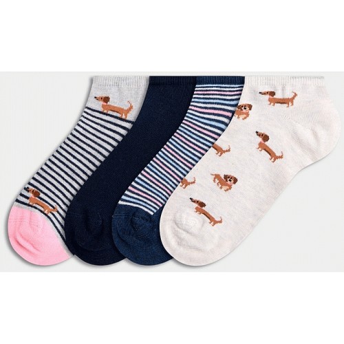 4-Pack Cotton Blend Dachshund Print Trainer Socks in Multi
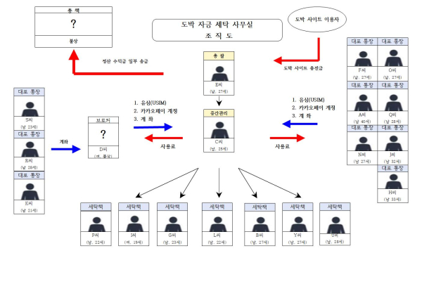 조사 결과, 이들은 올해 7월부터 8월까지 약 45일간 오피스텔 합숙소에서 주·야간 3교대(8시간)로 24시간 근무하며 조직적으로 범행을 저질렀다. 이 기간 동안 대포통장으로 입금된 도박자금 규모만 약 100억원 규모이며, 이들은 자금을 유령 법인 계좌 등으로 이체해 세탁해 주는 대가로 약 1억 1천만원을 챙긴 혐의이다.
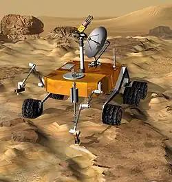 Představa automatické sondy na povrchu Marsu hledající stopy mimozemského života
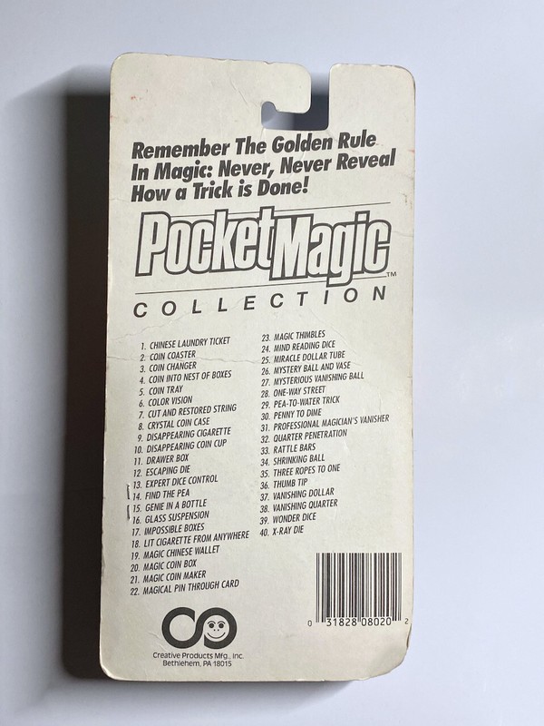 Manufactured by Creative Products Mfg., Inc., this was one trick in a collection of 40 other individual magic tricks. The company is still in existence, making magic tricks, jokes and gags and is named Kalan.

------------------------------

▶ _Exercise aim_: Every line in the data above needs to be given again exactly, pictures aside.

▶ _Answer to this task_:
 4-Pack Cotton Blend Dachshund Print Trainer Socks in Multi
 조사 결과, 이들은 올해 7월부터 8월까지 약 45일간 오피스텔 합숙소에서 주·야간 3교대(8시간)로 24시간 근무하며 조직적으로 범행을 저질렀다. 이 기간 동안 대포통장으로 입금된 도박자금 규모만 약 100억원 규모이며, 이들은 자금을 유령 법인 계좌 등으로 이체해 세탁해 주는 대가로 약 1억 1천만원을 챙긴 혐의이다.
 Představa automatické sondy na povrchu Marsu hledající stopy mimozemského života
 Manufactured by Creative Products Mfg., Inc., this was one trick in a collection of 40 other individual magic tricks. The company is still in existence, making magic tricks, jokes and gags and is named Kalan.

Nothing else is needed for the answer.